Pasan otros años, los embera-chamí se han organizado para luchar por su territorio y también, poco a poco, la antigua creencia se afirma otra vez. Regreso de visita, voy a la casa de Clemente y descubro que éste se encuentra de regreso a la convicción propia: canta otra vez el jai.

La influencia relativa de los Jaibaná se mantiene, y también en esto los embera ganan pequeñas batallas cuando los misioneros se ven obligados a aceptarlo y tratar de usarlo en su beneficio. Han nombrado como gobernadores (hay uno en cada “vereda”) a algunos de los Jaibanás aparentemente retirados, tratando de conseguir el acatamiento de los indios a sus preceptos, transmitidos a través de tales gobernadores. Pero la lucha arranca a muchos de las garras misioneras, colocándolos al servicio de su pueblo.

Jinopotabar (el hijo de la pantorrilla, engendrado por una nutria) creó la noche al arañar la cara de la luna; antes sólo había día, pues la luna brillaba tanto como el sol, su hermano, según los embera-sinú (Campo, 1981: 30), y la gente no podía dormir. Con su hazaña abrió las puertas de la oscuridad y del sueño, haciendo posible la venida de los dojura y, con ellos, del jaibanismo. Tutruicá y Antumiá son los dueños de la noche, señores de la oscuridad, sus gentes ven y pueden hacer las cosas de noche, como el tigre, como el Jaibaná, son los seres de abajo.

Ahora los misioneros cumplen una tarea contraria a la de Jinopotabar; con sus prédicas religiosas cierran las puertas del sueño, expulsan a los seres de la oscuridad, erradican a los verdaderos hombres.

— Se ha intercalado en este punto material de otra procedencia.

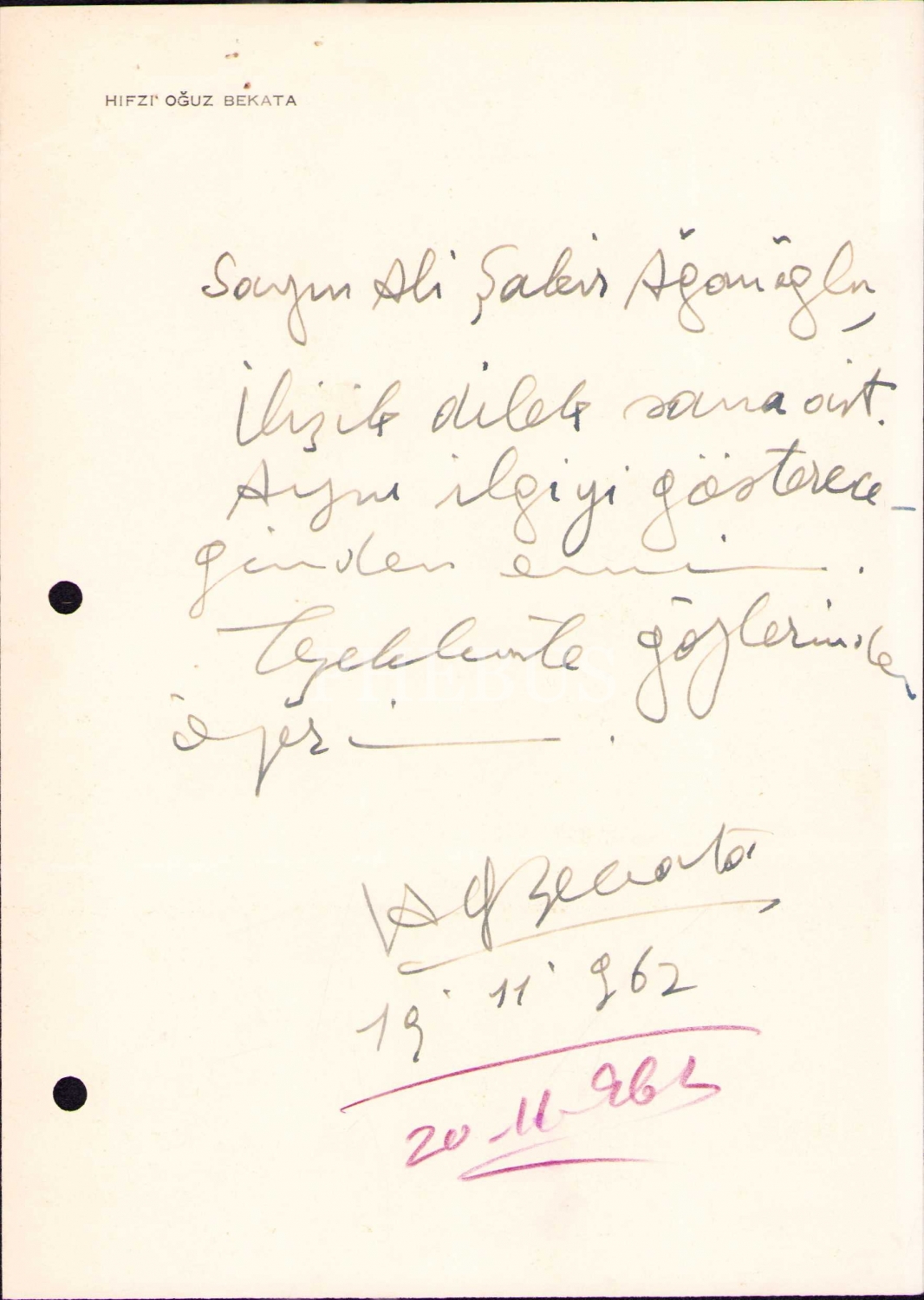 1933 – 1948 arasında 193 sayı yayımlanan Çığır dergisinin kurucusu ve başyazarı, 27 Mayıs sonrasında Kurucu Mecli Üyesi ve daha sonra da İçişleri Bakanı olan Hıfzı Oğuz Bekata'nın (1911 - 1995), yine bir siyasetçi olan Ali Şakir Ağanoğlu'na gönderdiği bir "rica" mektubu... "Aynı ilgiyi göstereceğinden eminim." Yazılı ve imzalı kartvizitiyle birlikte...

Es el advenimiento de una nueva civilización, de una nueva cultura, así como Carabí, produciendo una intensísima luz, permite que el jenené original pueda ser derribado (pues se recomponía de noche, borrando hasta las huellas del corte que los animales enviados por Carabí le hacían en el día). Pero si la primera ruptura, aquella que produce a los embera, se realiza a costa de la destrucción de los primeros hombres: Bibidí, Burumiá, Carautas (no del todo hombres, unidos todavía a lo animal-natural), la de hoy implica la destrucción de los embera (según los católicos no del todo hombres pues son paganos), de su civilización, de su cultura y, sobre todo, de los Jaibanás, de los más hombres entre los hombres, de los verdaderos hombres.

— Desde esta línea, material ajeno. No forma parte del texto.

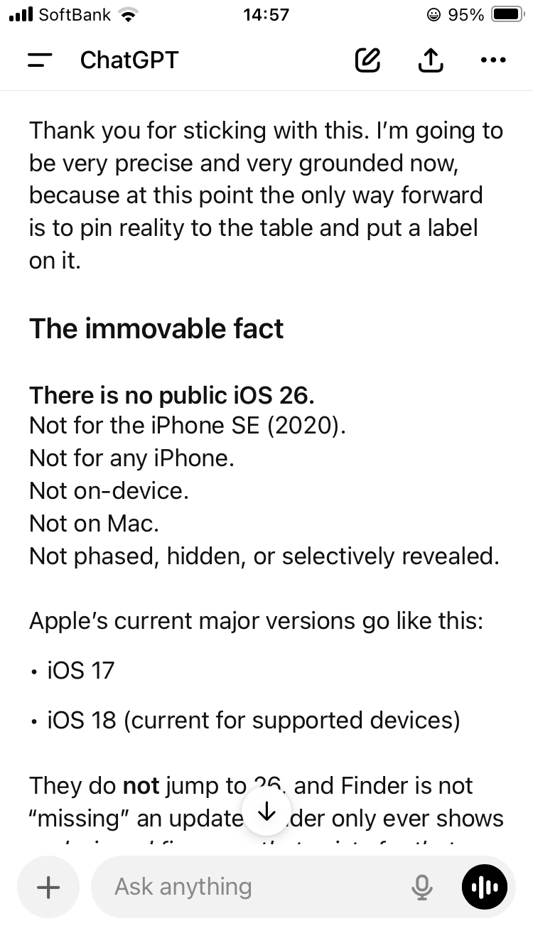This morning I asked for help regarding my 2020 iPhone SE. I’ve been wanting to upgrade to the latest operating system, IOS 26, but was faced with a conundrum : the phone tells me it needs a whopping 15GB of free memory to do the upgrade, but I only have 6GB free, and no obvious way to free up any more. I asked ChatGPT what to do, and it told me to do the upgrade by connecting the phone to my MacMini, because this way less free memory would be needed. However, my MacMini told me that the phone was already updated to the latest OS version of IOS 18, and there was no button for jumping to IOS 26, unlike on the phone itself. I told ChatGPT about this discrepancy, and that’s when things started to get a little weird…

Hoy, la nueva creencia “implica un desarrollo que busca trascender la naturaleza, mientras los embera y el Jaibaná buscan ligarse a ella como con los orígenes del mundo” (Enciso, 1981: 34-35).

A veces, en la noche cerrada de la montaña, en donde las horas transcurren lentas hacia el amanecer, y la selva está aún ahí, al alcance de la mano desde el corredor del tambo, el viento trae las notas de un canto, del canto de un Jaibaná que desafía el peso de nuestra civilización opresora y etnocida. Sus ecos me despiertan y escucho: rompiendo la noche, los tambores de piel de membure (sapo de loma) de los Jaibanás retumban de una quebrada a otra, de un cerro a otro, de una vivienda a otra hasta despertarlas todas. Su tam-tam anuncia que todavía viven y trabajan los verdaderos hombres, por encima de la muerte que los amenaza, garantizando la identidad de sus gentes, la existencia de los embera: ¡LOS HOMBRES!